Aid trickled in sporadically, reconstruction remained a distant promise, and the daily mechanics of siege carried on uninterrupted. Nothing that defines a genuine shift in conditions or authority had materially changed, except the vocabulary used to describe it.

The question raised by the US announcement is therefore not whether ‘phase two’ has begun, but whether it was ever intended to exist as anything more than a political abstraction.

Is this a real transition in the trajectory of the war, or another exercise in linguistic repackaging meant to stabilize Israel’s position without addressing the foundations of the conflict itself?

The historical record leaves little room for doubt. US involvement in Palestine has consistently revolved around managing the scale and visibility of violence, calibrating its intensity in ways that safeguard Israel’s strategic dominance while containing diplomatic fallout.

Read in this context, ‘phase two’ emerges as a political device rather than a substantive shift.

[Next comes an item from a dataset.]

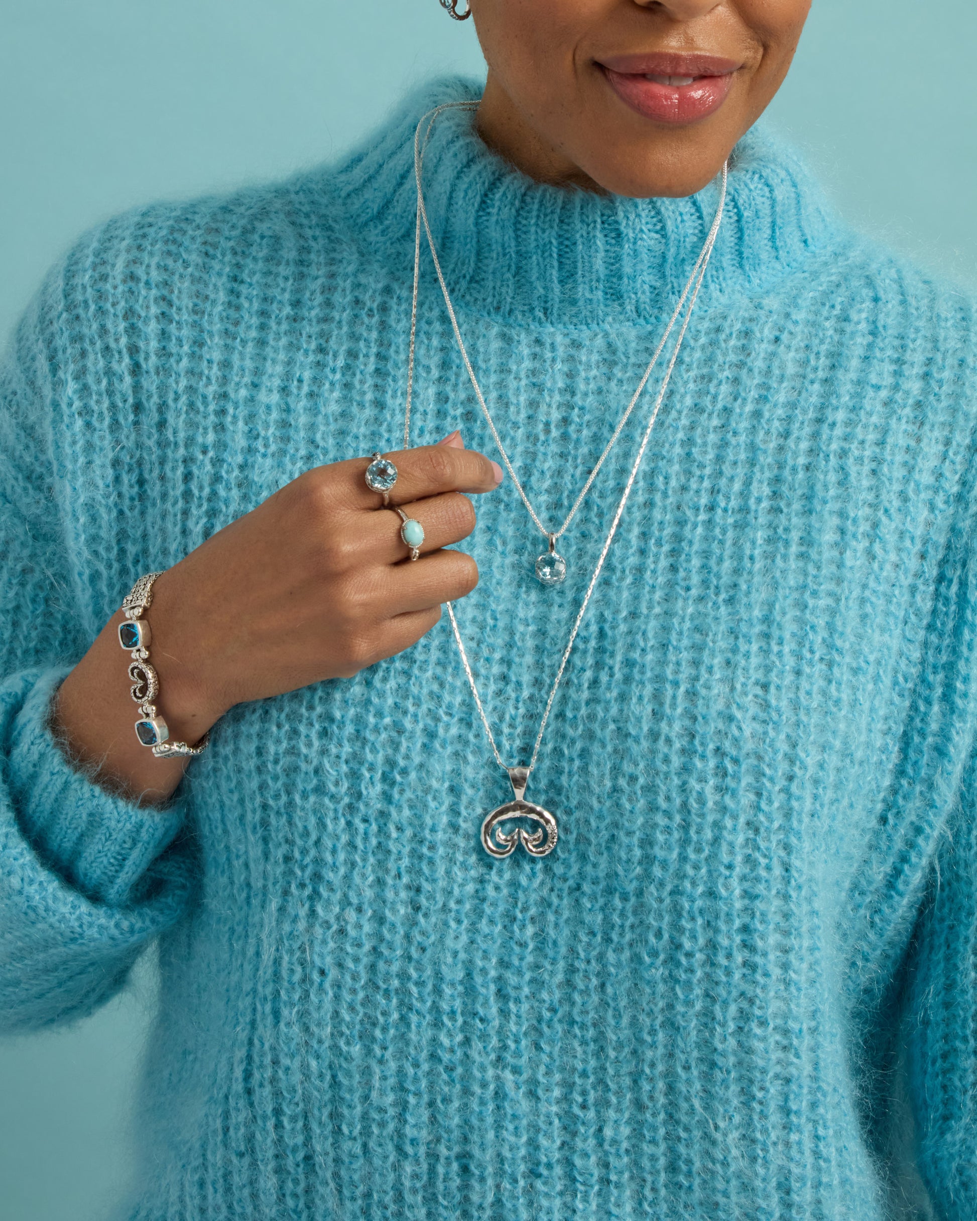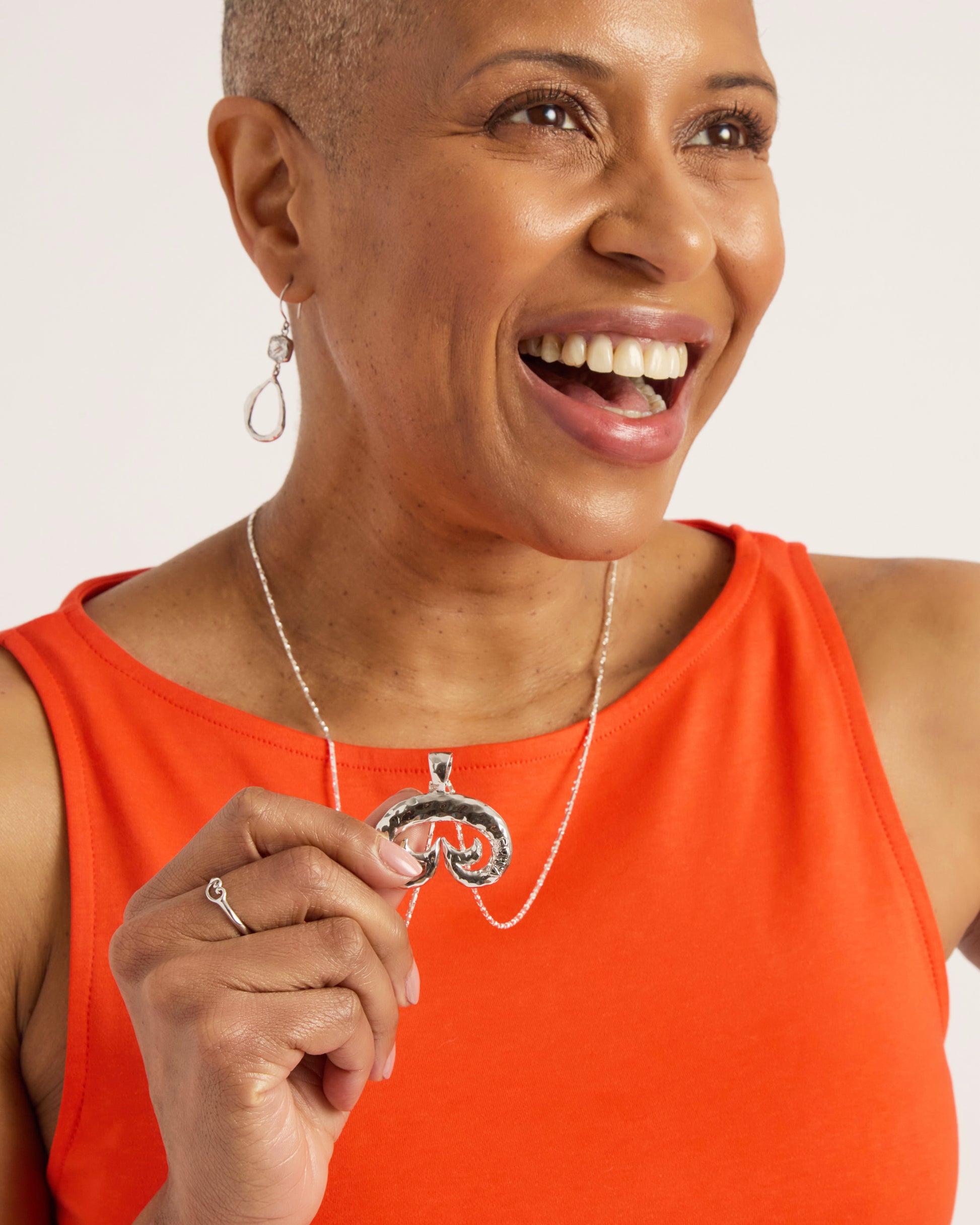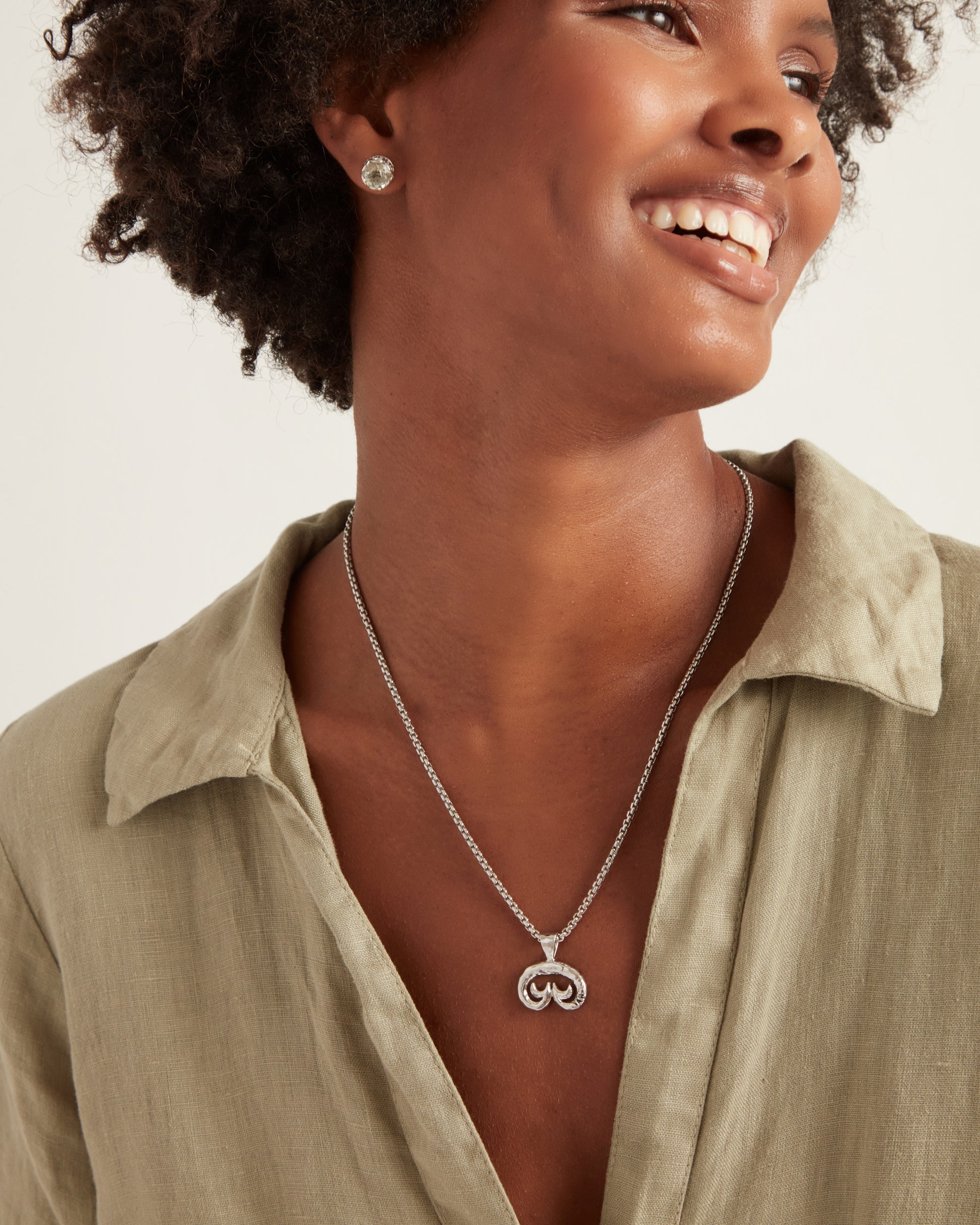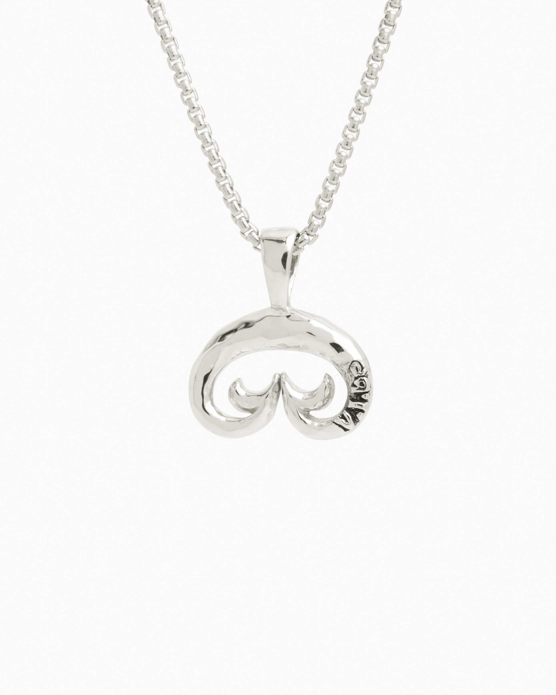 The Hammered Petroglyph Pendant is handcrafted in sterling silver and proudly showcases the symbolic island petroglyph with its surface delicately hammered to evoke the tranquil rhythm of ocean currents. Pair with your favorite chain, sold separately.

It is a framework meant to absorb the aftermath of mass destruction, shield Israel from international isolation, and reorder Palestinian life under post-war conditions, all while leaving untouched the structures that made the war inevitable.

A declaration without enforcement

Ibrahim al-Madhoun, a Palestinian writer and political analyst close to Hamas, tells The Cradle that Washington’s announcement amounts to nothing more than “a political position rather than a genuine transition on the ground,” especially given Israel’s failure to comply even with the terms of the first phase.

Israeli forces continue to expand what Palestinians refer to as the ‘Yellow Line,’ a militarized buffer zone that now consumes much of Gaza’s territory. Rafah remains closed, essential goods are blocked, targeted killings continue, and no meaningful reconstruction effort has begun. The conditions that defined the war before the ceasefire remain largely intact beneath a layer of diplomatic messaging.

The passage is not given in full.